For sustainability to count in business we need two things, over what I would call the moral impulse to do so, which is an imperative if we want to avoid unwittingly stepping into a Mad Max future:
With these basic pieces in place, creative destruction takes place, and the best solutions win.
For the context of sustainability, we need a slight but important modification as the end-goal in this case is to create systems that contribute to prosperity in perpetuity or as long as needed, as a simplified but essential statement.
This implies a rethinking of existing business practices and a new framework in future, starting at the base with more holistic accounting methods. This and the SDGs have been the stated vision for a while, and so, the question is how does sustainability get financed today?
I prefer to detail mechanisms only here, rather than the underlying strategies to get to sustainability, as these diverge for almost everyone, with everything from Net Zero to Nature Positive et al. Another disclaimer: An open question is whether markets such as we know them today are truly free, rather than structurally driven to reflect ideology, rewarding cronyism and dumping externalities.
Let us look at the major “styles” of pathways out there today, and how these can make markets evolve in the long term.
We can start by describing how a firm or a person decides to spend capital to reach a certain outcome under some risk.
Rather obviously, the frequently decisive factor is one of a financial return, capturing value created from the spent capital. Discount rates allow comparison between different projects in different times, and the risk factor weighs attractiveness within the same time periods.

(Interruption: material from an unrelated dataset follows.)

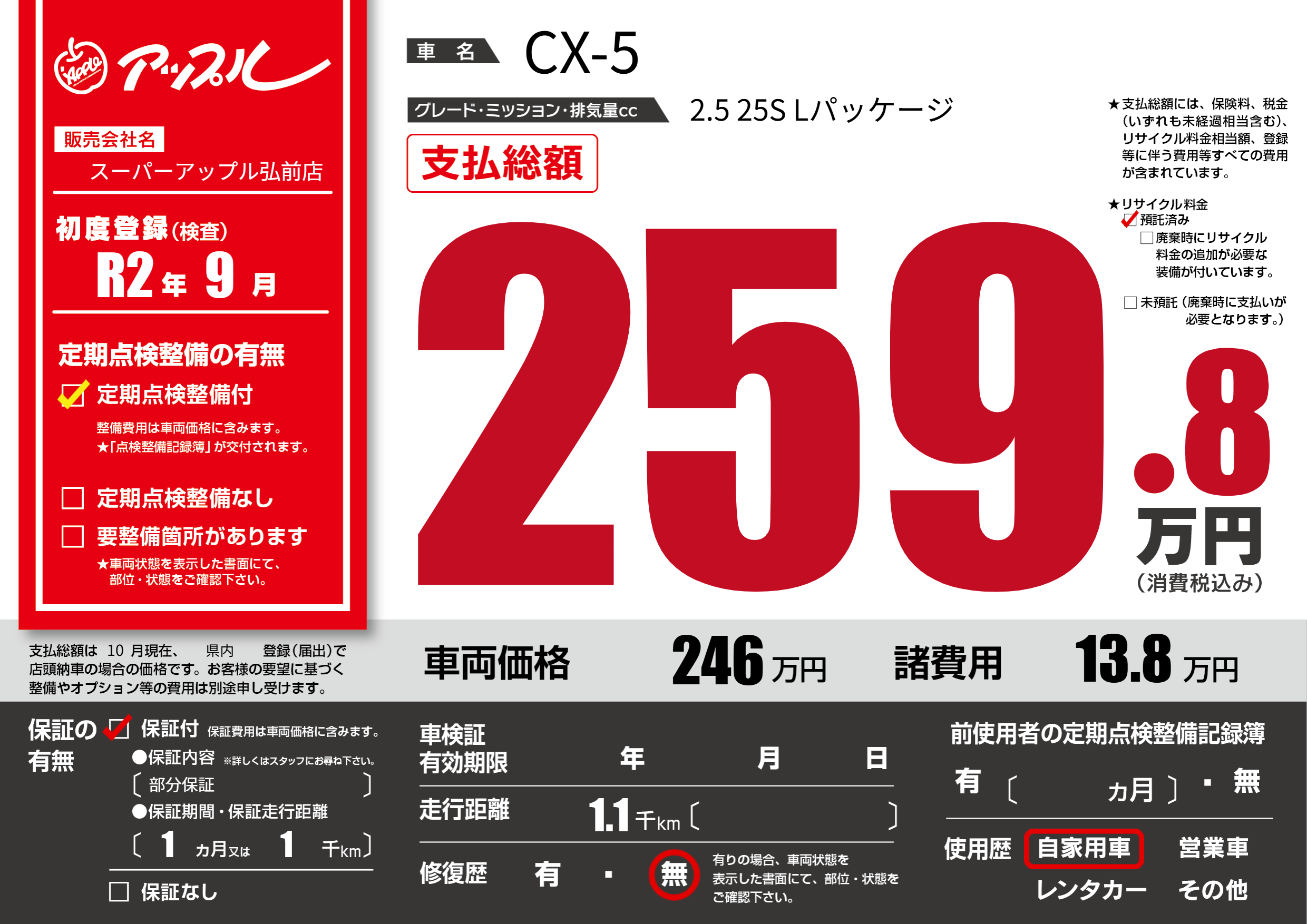 | 車名 | CX-5 | グレード ミッション 排気量 |

These choices respond to market conditions. Entrepreneurs, the recipient of capital, by definition have ideas that lead them to attempt to value-capture within those market conditions. So while their success can shift entire market structures (eg by being disruptive, cheaper, faster than the existing solution) this is rare for sheer technical improvements, and can be hard to predict ex-ante without a strong conviction or some asymmetric info, or a long enough horizon so that financial return can be deferred. Competition is often not far behind, making any ascendancy short-lived.
Another area of ongoing interest in is that of contracting ahead to reach desired outcomes, thus linking financial reward with the broad benefits identified by the contractor, in the best of cases reshaping markets to take on sustainable dynamics that were otherwise out of reach in the short term. Impact Investing is fairly well-known, but the challenge is to have the discipline of a credible model for the expected benefits.
Another big bucket is the practice of lending money with a comparatively tighter scope than investing as above. This includes green bonds that finance a specific project, such as green infrastructure, with a “risk-free” fixed payout. The commitment involved limits this mainly to institutions with the influence and resources to make such an arrangement attractive for the bonded, and investors willing to forgo potentially higher returns elsewhere.
One entity able to do development at greater scale than the individual and more ideologically than the private sector is Government, building in objectives that go from electoralism, societal or geopolitical ends.
Europe has the Green Deal, and as of now, the Environmental Protection Agency (EPA) in the U.S. gives grants for projects that help advance policy and/or scientific objectives, such as greenhouse gas (GHG) reduction, destined to create the foundations of new greener approaches. On first impression, it seems onerous for grantees to apply for, with many bureaucratic guardrails and reporting requirements that gum up the disbursement of what is ultimately the taxpayer’s money.
Given the upcoming U.S. political transition, a change in approach looks all but certain, regardless of the soundness of the investments made so far. This also means that the Environmental, Social and Governance (ESG) metrics reported by the private sector, already putting some in a state of knee-jerk revulsion at the mention of the acronym, are eventually likely to be comprehensively rejected on principle, which is unfortunate.
While this is a setback for transparency and auditability, it’s also a chance to repackage those important dimensions into a more tangible expression of value; as an added benefit, the more rigorous the definition is, the more greenwashing abuses are harder to conceal within corporate ambiguity or imperfect financial accounting.
This would be more the approach of Carbon Collective, which uses “traditional” retail investing, with its established systems of valuation and market, with the stated ulterior motive of driving green shareholder activism.
Here I wanted to list out the possible ways that projects designed to follow sustainable principles can be supported at the outset, despite barriers including possible lower financial returns and ongoing institutional changes. For the long term, science gives an indication where we are headed, and therein lies what will eventually matter.